Situs Bersejarah di Toraja Lemo

11

dipercaya tidak akan sampai ke puyo. Rohnya akan tersesat. Sementara bagi yang diupacarakan sesuai aluk dan berhasil mencapai puyo, dikatakan pula bahwa keberadaannya di sana juga sangat ditentukan oleh kualitas upacara pemakamannya. Dengan kata lain, semakin sempurna upacara pemakaman seseorang, maka semakin sempurnalah hidupnya di dunia keabadian yang mereka sebut puyo tadi. To na indanriki lino To na pake sangattu Kunbai lau ri puyo Pa Tondokkan marendeng Kita ini hanyalah pinjaman dunia yang dipakai untuk sesaat. Sebab, di puyo-lah negeri kita yang kekal. Di sana pula akhir dari perjalanan hidup yang sesungguhnya. Bisa dimaklumi bila dalam setiap upacara kematian di Tana Toraja pihak keluarga dan kerabat almarhum berusaha untuk memberikan yang terbaik. Caranya adalah dengan membekali jiwa yang akan bepergian itu dengan pemotongan hewan-biasanya berupa kerbau dan babisebanyak mungkin. Para penganut kepercayaan Aluk Todolo percaya bahwa roh binatang yang ikut dikorbankan dalam upacara kematian tersebut akan mengikuti arwah orang yang meninggal dunia tadi menuju ke puyo. Kepercayaan pada Aluk Todolo pada hakikatnya berintikan pada dua hal, yaitu padangan terhadap kosmos dan kesetiaan pada leluhur. Masing-masing memiliki fungsi dan pengaturannya dalam kehidupan bermasyarakat. Jika terjadi kesalahan dalam pelaksanaannya, sebutlah seperti dalam hal "mengurus dan merawat" arwah para leluhur, bencana pun tak dapat dihindari.
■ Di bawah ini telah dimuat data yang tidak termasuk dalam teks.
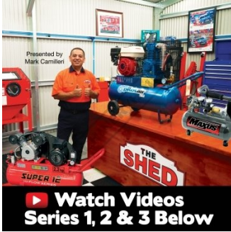
Compressors Watch Video Web Image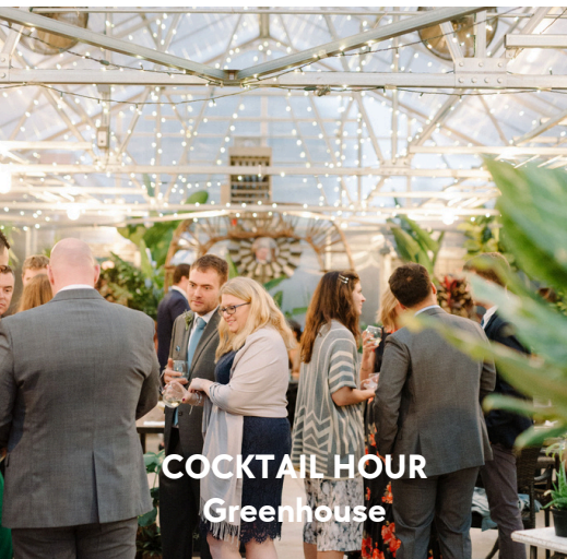
COCKTAIL HOUR Greenhouse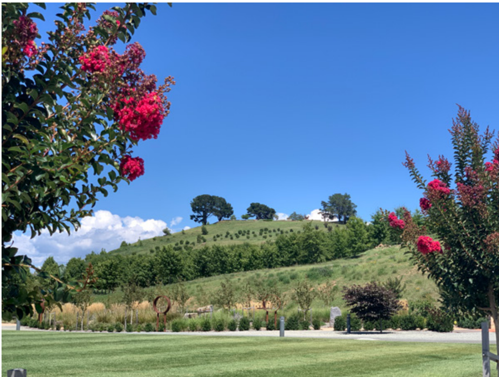
Towards Dairy Farmers Hill, National Arboretum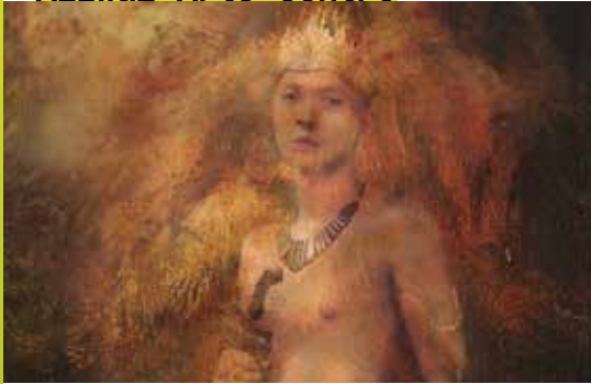
Utama: Every Name In History Is I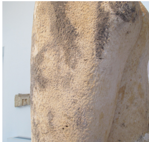
Fig. 10. Left thigh, short grooves ended by impacts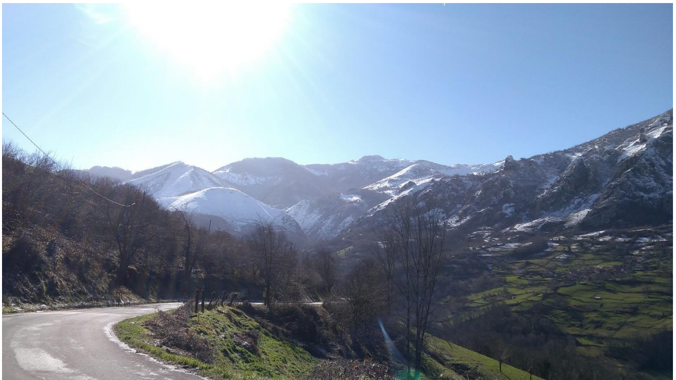
Near Ubiñas

The Principality of Asturias, an autonomous province in northernmost Spain, bills itself today as Spain's Natural Paradise, with wild rocky coasts, placid beaches, and some of the highest, most rugged mountains on the continent. This is also one of Europe's most culturally complex regions, continuously inhabited since the dawn of the Paleolithic, and it was in the caves of northern Spain some thirty thousand years ago that western art was born.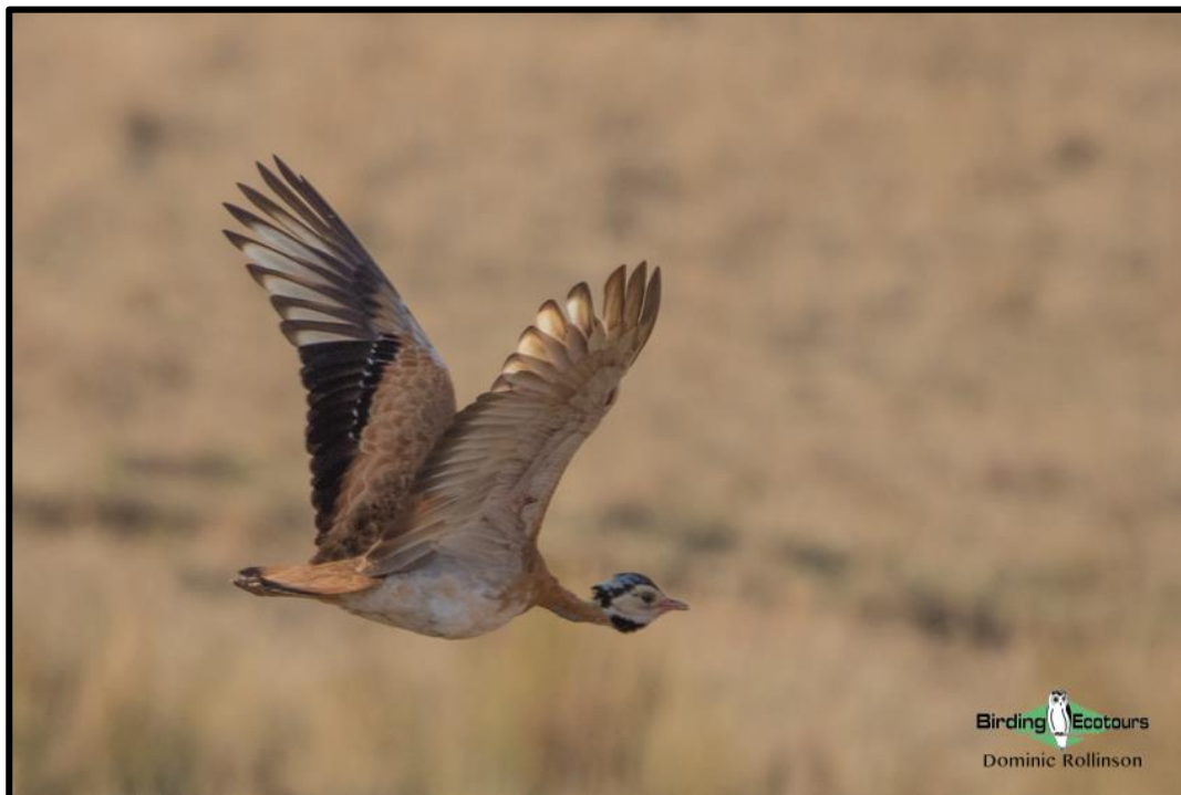
White-bellied Bustard was seen in the drier grasslands near Wakkerstroom.

We went back to our accommodation for lunch and then headed out for the afternoon's birding. It did not take long until we found White-bellied Bustard , which was another of our targets, and then we also came across yet another pair of Secretarybirds . With the light fading we decided to have another try for Blue Korhaan , which we had failed to find earlier. After much searching we eventually had good views of at least three birds in some nearby fields. A great way to end another successful day of birding!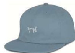
Powder Blue ORDER N°2 Cotton ¥4,900 + tax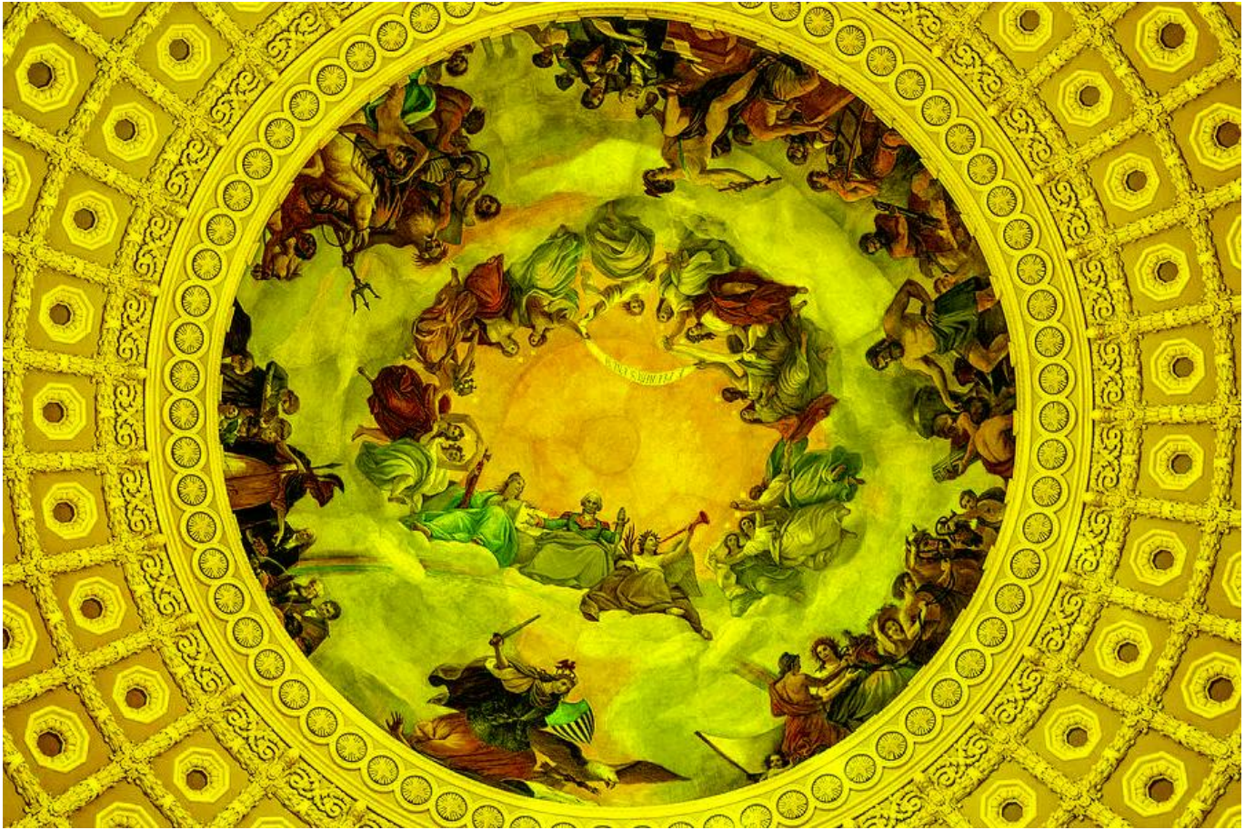
The Apotheosis of Washington is the fresco painted by Greek-Italian artist Constantino Brumidi in 1865 and visible through the oculus of the dome in the rotunda of the United States Capitol Building in Washington, D.C.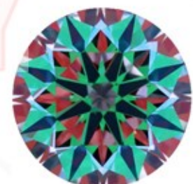
Optical Symmetry Excellent

Optical Symmetry Analysis: The colored areas of the symmetry image are indications of light handling ability, giving a visual representation of proportions and facet alignment.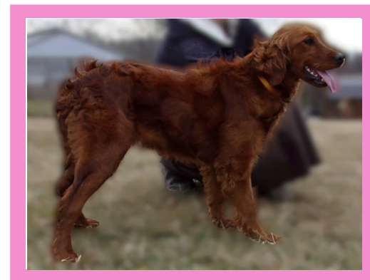
Sierra (Irish Setter/Golden Retriever)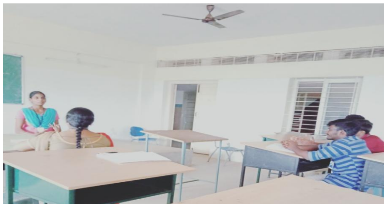
Speech Contest on "Approaches to Reduce Pollution"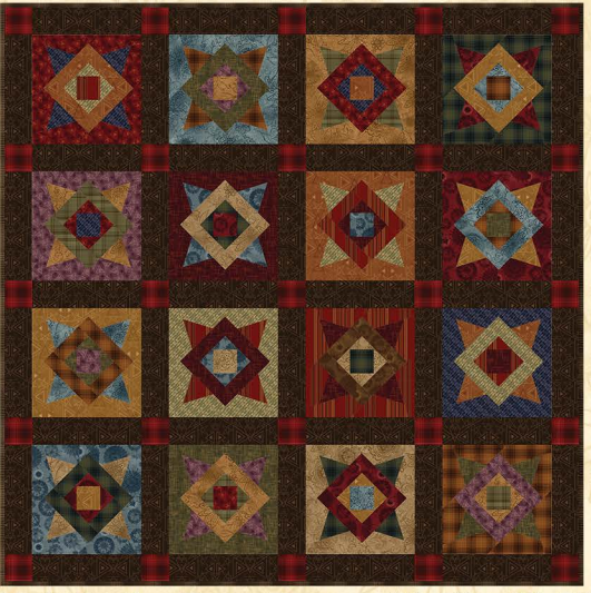
Hole in the Barn Door 31.5” x 31.5”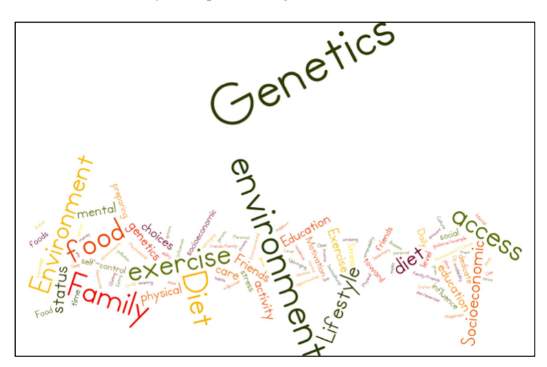
Fig. 2 Word map of premed majors' open-ended response to "What are the three most important influences on people's health?". Data are from 155 seniors who responded to a spring 2015 survey about the pre-health professional curriculum

literacy, health traditions and beliefs, physician bias) (Association of American Medical Colleges 2005), individual-level factors (genetics, individual lifestyle choices), and structural competency factors as defined by Metzl and Hansen (2014) (access to healthcare, health delivery system, insurance, institutional racism, medicalization, income, neighborhood, social policies). MHS majors were more likely to select one or more cultural factor (MHS: 75/85[89%]; premed: 55/70 [54%], p<.05) and less likely to select one or more individual-level factors (MHS: 25/85[29%]; premed: 34/70 [49%], p<.05) as one of the three most important factors explaining why childhood obesity rates are highest in the U.S. South (Table 4). MHS majors were also more likely than premed majors to select one or more structural factors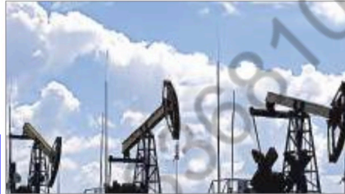
Oil, gas, and mineral exploration activities have remained suspended in the contested area for three decades now.

lease, apart from six designated oil and gas fields, the Nagaland government has agreed to oil exploration across Nagaland.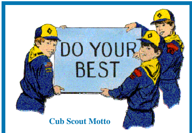
Cub Scout Motto

ACTIVITIES At den meetings, a Cub Scout starts an activity. Perhaps it is an advancement badge, a handicraft project, or practicing a stunt for the next pack meeting. During the week, with his parents' help, he finishes the project or perfects the stunt. If it happens to be something required for his Wolf or Bear advancement, his parent signs his Cub Scout book. In this way, Cub Scouting helps to strengthen family ties.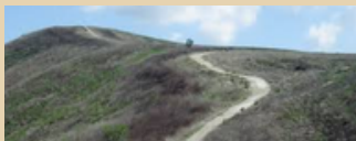
North Ranch trails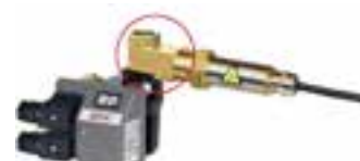
KAPTIV-MD-AL equipped with DRAIN HEATER 'T' adapter and DRAIN HEATER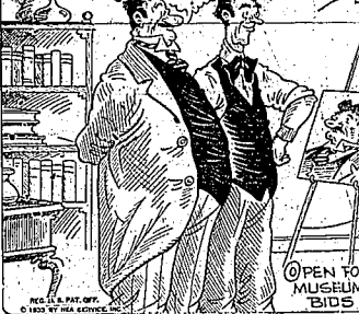
OPEN FOR MUSEUM BIDS

EXCELLENT, BERNALDY, EXCELLENT! EGAD, I'D ARRANGE TO GET THE GOVERNOR AND SOME SOCIETY LEADERS TO HAVE THEIR PORTRAITS PAINTED BY YOU. I'D SAY THAT YOU'D BE THE FIRST TO SAY 'FAMOUS' I'LL PRESENT IT TO A MUSEUM, BY JOVE 'U-M-M-HUM' I'M A DISTINGUISHED LOOKING WRETCH! YOU'VE CAUGHT IT, BERNALDY—THAT DIGNIFIED, ARISTOCRATIC LOOK OF A HOOPLE!

Berbagai bentuk tradisi yang dilakukan secara turun-temurun oleh para penganut kepercayaan Aluk Todolo-termasuk ritus upacara kematian adat Tana Toraja yang sangat dikenal luas itu-kini pun masih bisa disaksikan. Meski terjadi perubahan di sana-sini, kebiasaan itu kini tak hanya dijalankan oleh para pemeluk Aluk Todolo, masyarakat Tana Toraja yang sudah beragama Kristen dan Katolik pun umumnya masih melaksanakannya. Bahkan, dalam tradisi penyimpanan mayat dan upacara kematian, terjadi semacam "penambahan" dari yang semula lebih sederhana menjadi kompleks dan terkadang berlebihan.